**Records for this task**
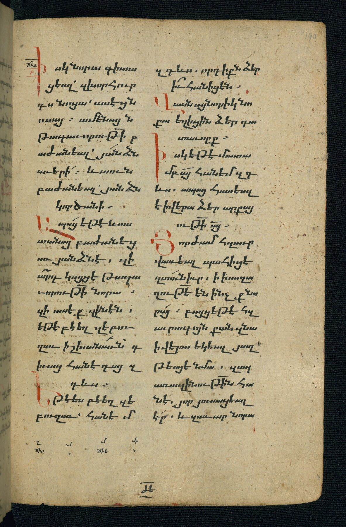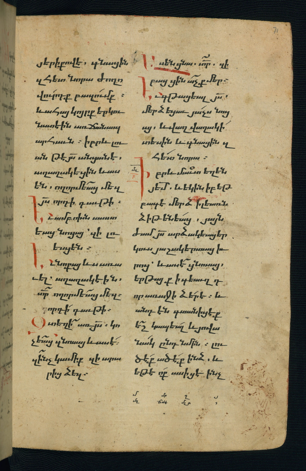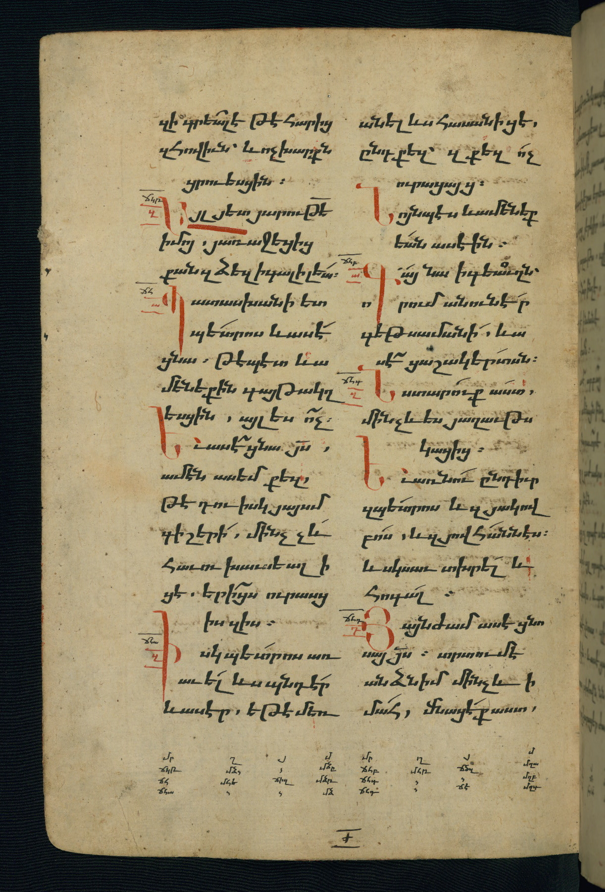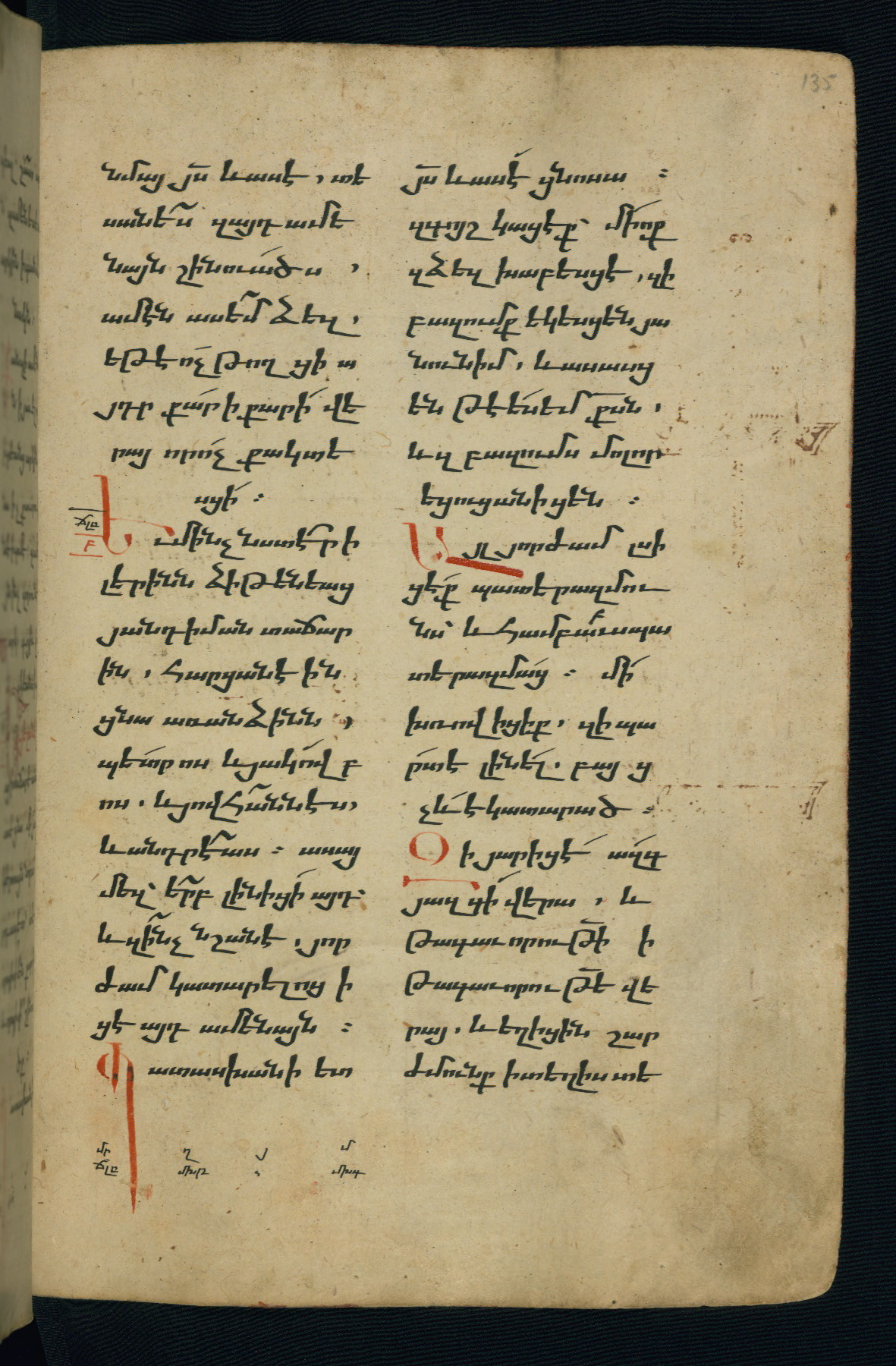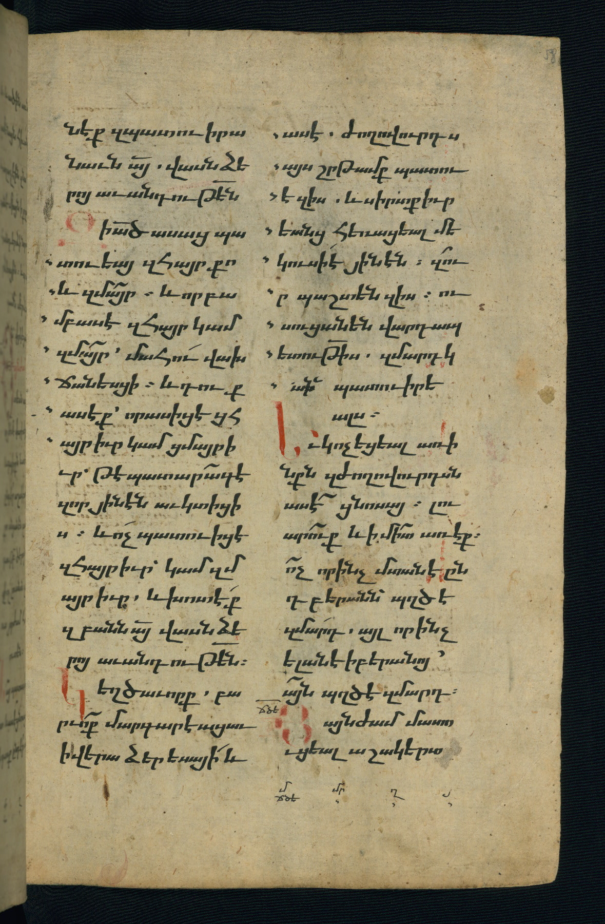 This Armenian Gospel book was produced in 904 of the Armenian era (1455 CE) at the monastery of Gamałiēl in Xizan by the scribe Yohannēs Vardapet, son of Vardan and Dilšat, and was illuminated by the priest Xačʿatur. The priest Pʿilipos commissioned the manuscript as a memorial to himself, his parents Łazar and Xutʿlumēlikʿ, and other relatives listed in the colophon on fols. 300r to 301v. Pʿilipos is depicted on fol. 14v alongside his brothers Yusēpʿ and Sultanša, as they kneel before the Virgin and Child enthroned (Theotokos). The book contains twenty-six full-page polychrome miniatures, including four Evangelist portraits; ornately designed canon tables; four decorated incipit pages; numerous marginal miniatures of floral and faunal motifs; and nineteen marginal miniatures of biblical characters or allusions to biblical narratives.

* * *

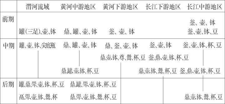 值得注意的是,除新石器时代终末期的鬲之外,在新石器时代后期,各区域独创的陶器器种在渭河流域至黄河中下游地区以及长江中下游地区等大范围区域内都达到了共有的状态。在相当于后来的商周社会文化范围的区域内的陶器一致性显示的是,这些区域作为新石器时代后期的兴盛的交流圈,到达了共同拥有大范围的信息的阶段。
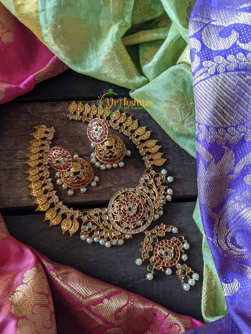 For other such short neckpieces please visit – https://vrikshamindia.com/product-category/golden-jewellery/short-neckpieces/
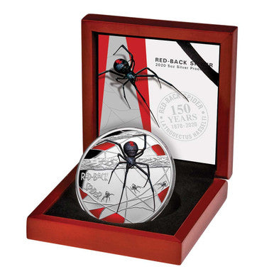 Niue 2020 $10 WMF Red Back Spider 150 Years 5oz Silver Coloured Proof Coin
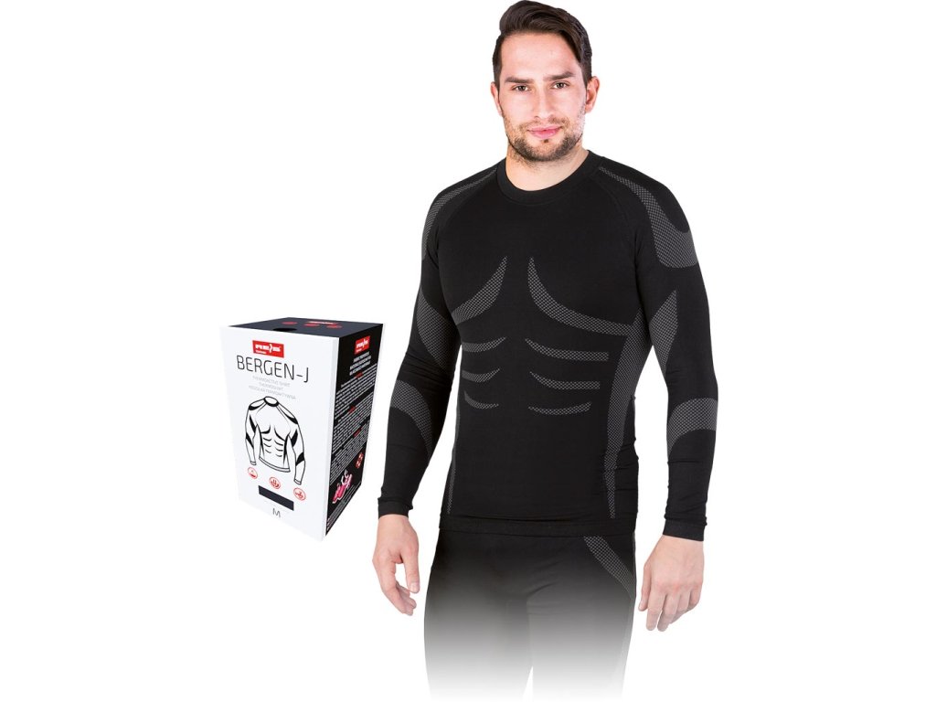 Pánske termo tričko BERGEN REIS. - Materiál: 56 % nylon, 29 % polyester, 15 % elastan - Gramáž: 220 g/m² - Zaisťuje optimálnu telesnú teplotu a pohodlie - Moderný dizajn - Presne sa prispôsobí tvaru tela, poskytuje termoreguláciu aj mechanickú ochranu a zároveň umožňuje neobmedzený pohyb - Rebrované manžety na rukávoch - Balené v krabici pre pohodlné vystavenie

**Exercise details**
Output exactly the lines of the listing above that start with the one holding "For other such" and go on through the one holding "Niue 2020 $10"; leave the pictures out.

**Output for this exercise**
 For other such short neckpieces please visit – https://vrikshamindia.com/product-category/golden-jewellery/short-neckpieces/
 Niue 2020 $10 WMF Red Back Spider 150 Years 5oz Silver Coloured Proof Coin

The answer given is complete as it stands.